_RECORDED DATA_
·····

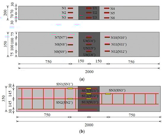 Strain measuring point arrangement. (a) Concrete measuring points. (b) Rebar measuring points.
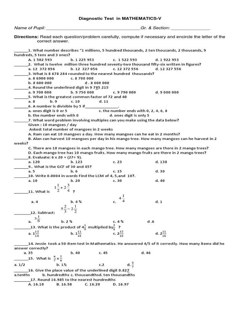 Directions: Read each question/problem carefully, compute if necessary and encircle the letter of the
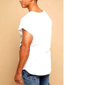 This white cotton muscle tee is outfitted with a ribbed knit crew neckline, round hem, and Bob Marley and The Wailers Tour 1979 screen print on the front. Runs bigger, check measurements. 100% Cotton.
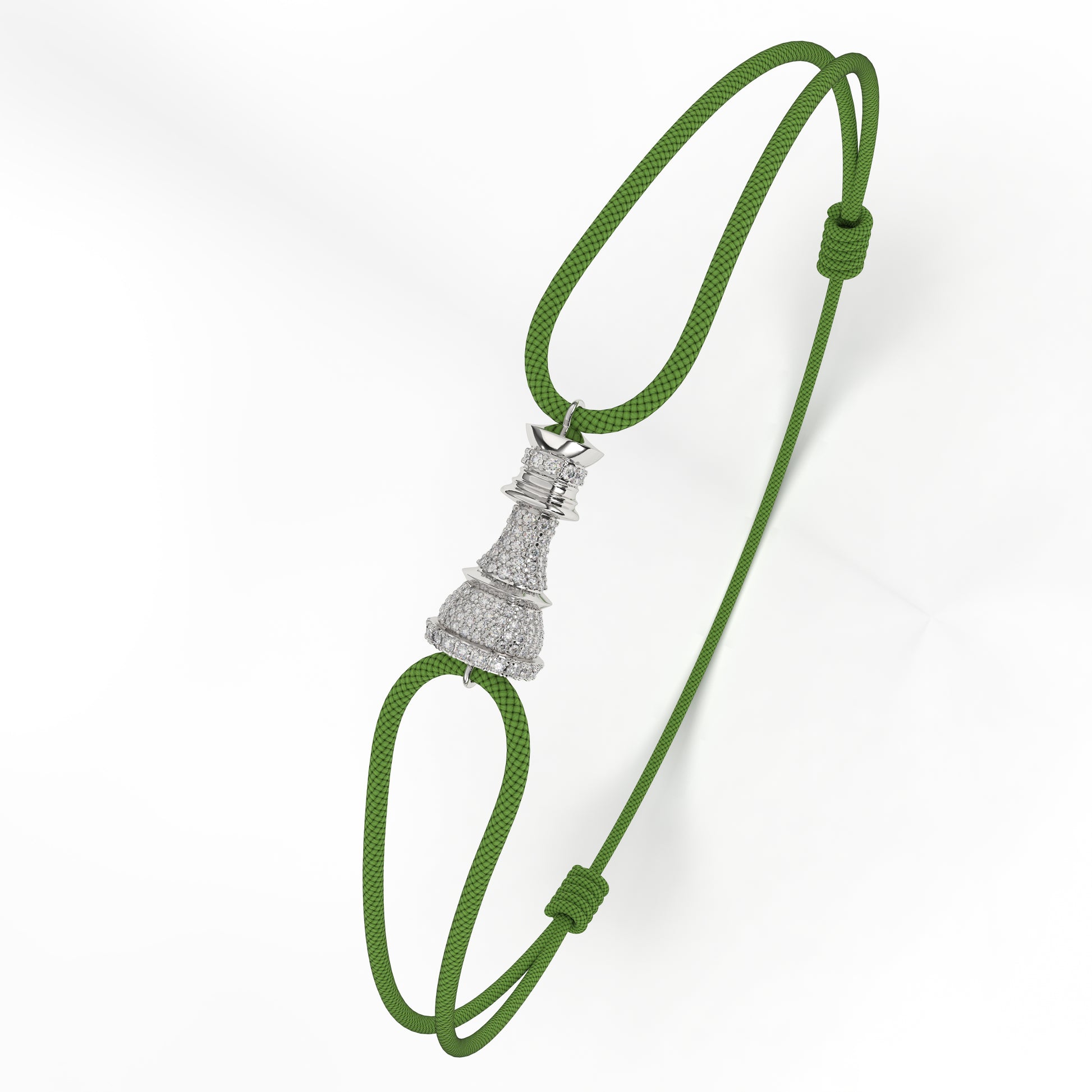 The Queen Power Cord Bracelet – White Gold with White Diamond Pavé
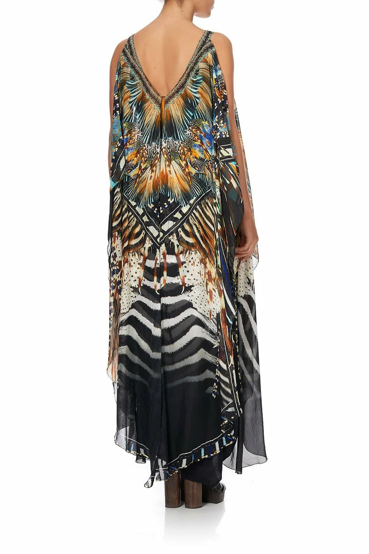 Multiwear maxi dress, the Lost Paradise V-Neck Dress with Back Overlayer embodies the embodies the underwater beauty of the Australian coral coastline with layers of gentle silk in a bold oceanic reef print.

·····

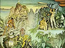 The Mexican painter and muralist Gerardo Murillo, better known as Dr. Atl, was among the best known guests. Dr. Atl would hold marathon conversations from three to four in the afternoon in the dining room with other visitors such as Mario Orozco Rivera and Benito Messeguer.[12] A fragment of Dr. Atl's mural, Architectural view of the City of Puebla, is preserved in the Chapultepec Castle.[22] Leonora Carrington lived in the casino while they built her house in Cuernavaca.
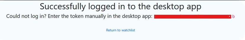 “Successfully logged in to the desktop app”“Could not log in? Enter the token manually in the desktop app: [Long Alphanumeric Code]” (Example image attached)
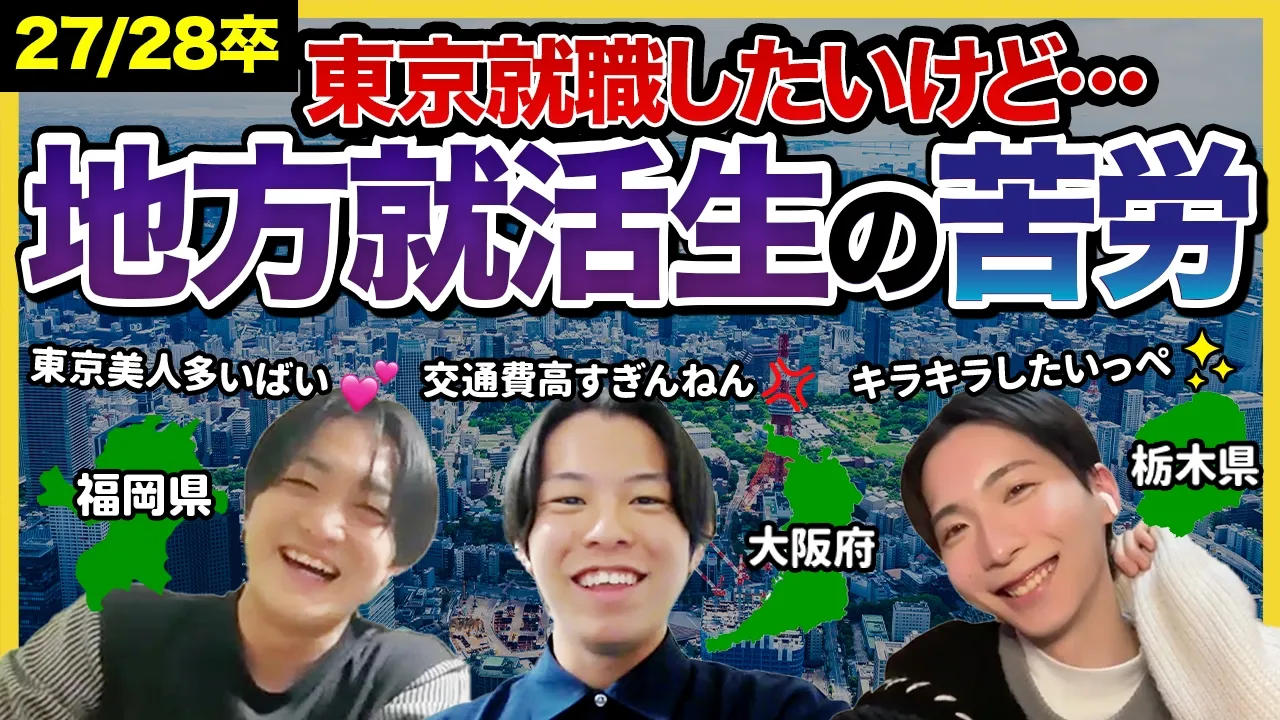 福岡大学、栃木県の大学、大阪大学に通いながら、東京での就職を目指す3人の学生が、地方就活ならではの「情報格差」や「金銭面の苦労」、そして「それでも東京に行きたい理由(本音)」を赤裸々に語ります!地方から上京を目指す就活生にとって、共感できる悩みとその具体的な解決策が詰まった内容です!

·····

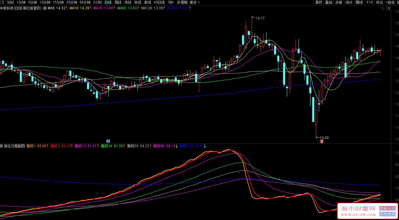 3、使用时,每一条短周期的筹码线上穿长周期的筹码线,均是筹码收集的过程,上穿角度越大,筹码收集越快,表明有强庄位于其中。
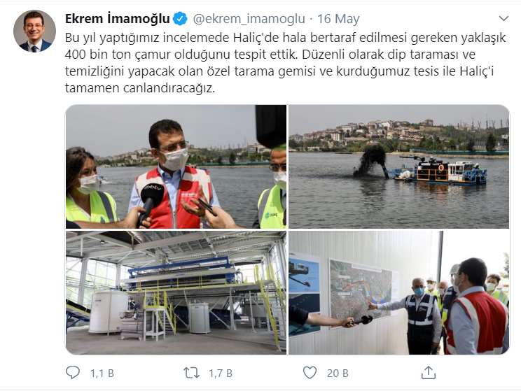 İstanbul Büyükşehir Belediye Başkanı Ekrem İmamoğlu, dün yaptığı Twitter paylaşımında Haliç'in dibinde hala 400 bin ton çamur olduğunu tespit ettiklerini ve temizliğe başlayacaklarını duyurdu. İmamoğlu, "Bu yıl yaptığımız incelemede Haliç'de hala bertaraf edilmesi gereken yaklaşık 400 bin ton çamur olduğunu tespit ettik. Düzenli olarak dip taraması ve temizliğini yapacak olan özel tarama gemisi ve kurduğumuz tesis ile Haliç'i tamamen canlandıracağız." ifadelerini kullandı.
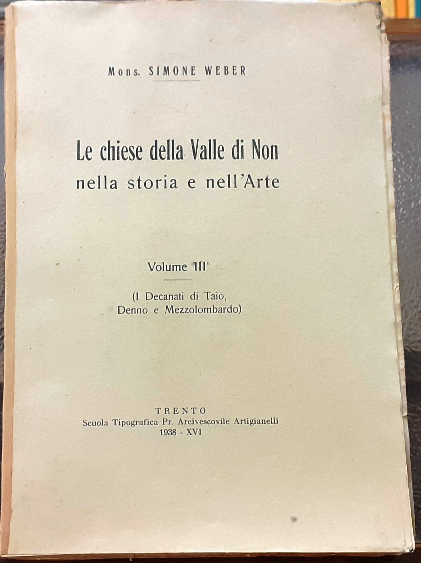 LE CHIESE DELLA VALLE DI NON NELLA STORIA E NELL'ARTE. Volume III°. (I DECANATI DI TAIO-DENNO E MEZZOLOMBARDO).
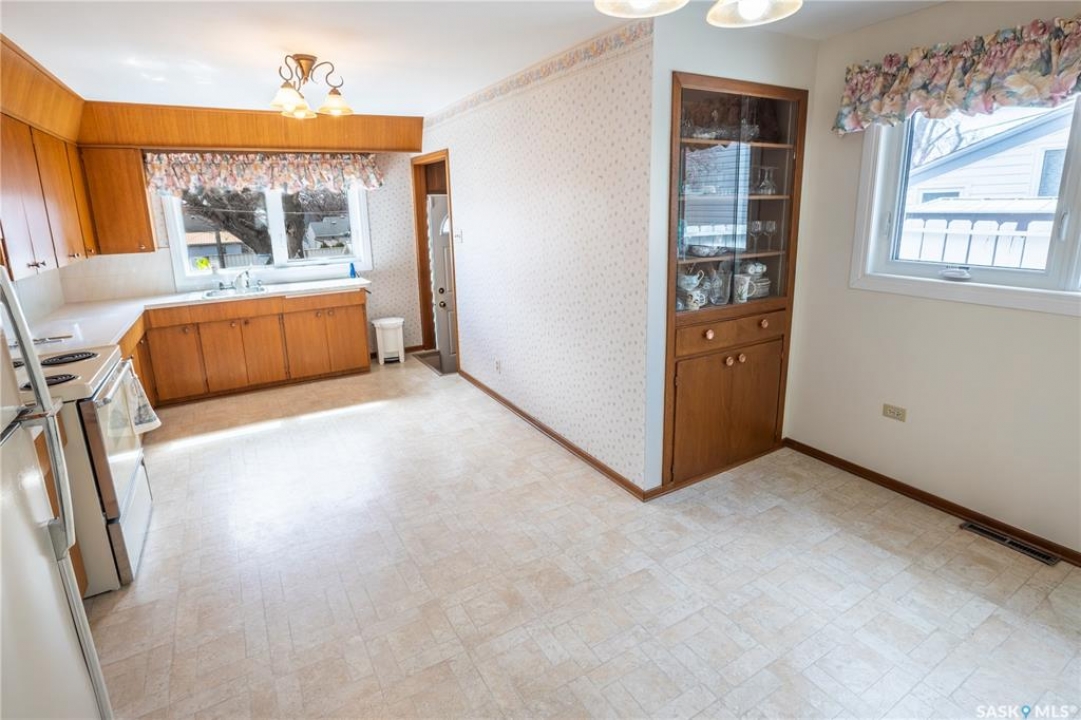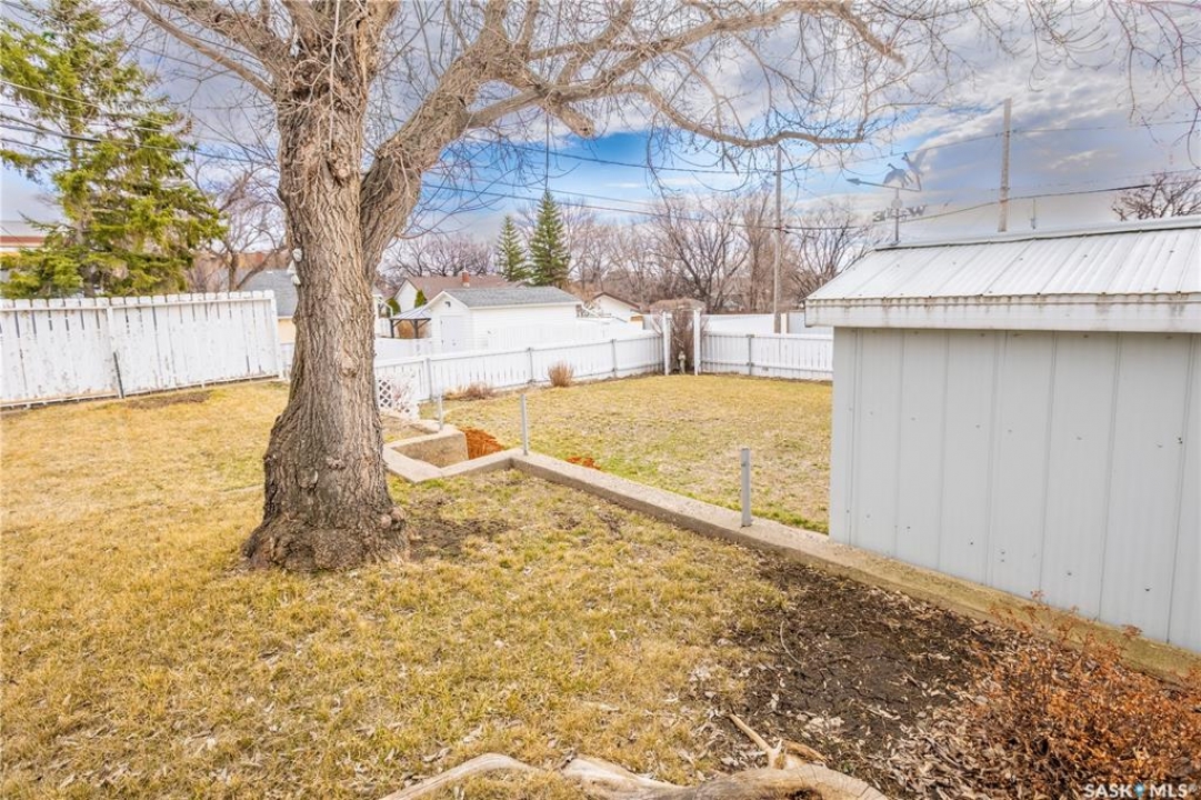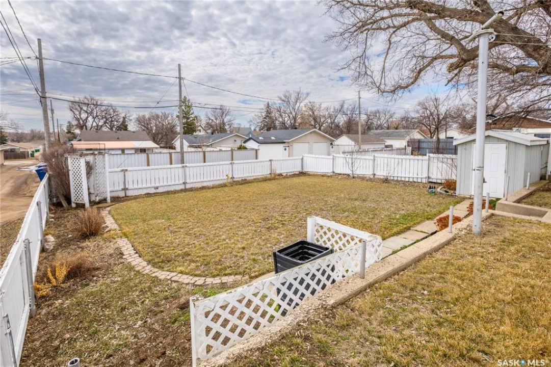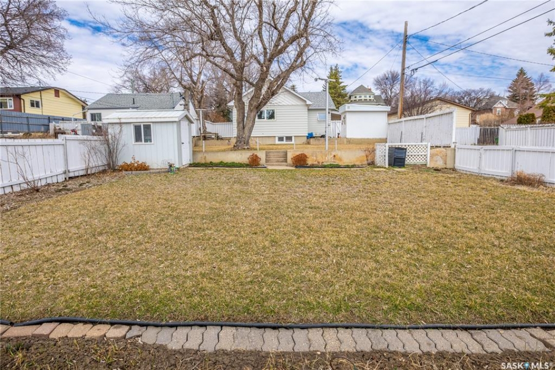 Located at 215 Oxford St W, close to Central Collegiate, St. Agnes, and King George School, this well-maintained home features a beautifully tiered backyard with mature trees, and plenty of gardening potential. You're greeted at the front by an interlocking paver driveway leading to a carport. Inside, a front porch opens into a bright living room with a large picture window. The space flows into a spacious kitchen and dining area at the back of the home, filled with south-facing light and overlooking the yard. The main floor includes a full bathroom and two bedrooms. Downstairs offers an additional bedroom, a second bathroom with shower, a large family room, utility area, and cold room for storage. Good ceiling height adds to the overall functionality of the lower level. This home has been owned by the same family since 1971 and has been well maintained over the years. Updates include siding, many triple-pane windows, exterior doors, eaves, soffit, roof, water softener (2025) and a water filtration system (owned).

·····

_DESCRIPTION OF THE TASK_
In the listing above, find the line holding "This white cotton" and the line holding "Multiwear maxi dress, the". Reproduce those two lines and all between them exactly, leaving out pictures.

_EXPECTED OUTPUT_
 This white cotton muscle tee is outfitted with a ribbed knit crew neckline, round hem, and Bob Marley and The Wailers Tour 1979 screen print on the front. Runs bigger, check measurements. 100% Cotton.
 The Queen Power Cord Bracelet – White Gold with White Diamond Pavé
 Multiwear maxi dress, the Lost Paradise V-Neck Dress with Back Overlayer embodies the embodies the underwater beauty of the Australian coral coastline with layers of gentle silk in a bold oceanic reef print.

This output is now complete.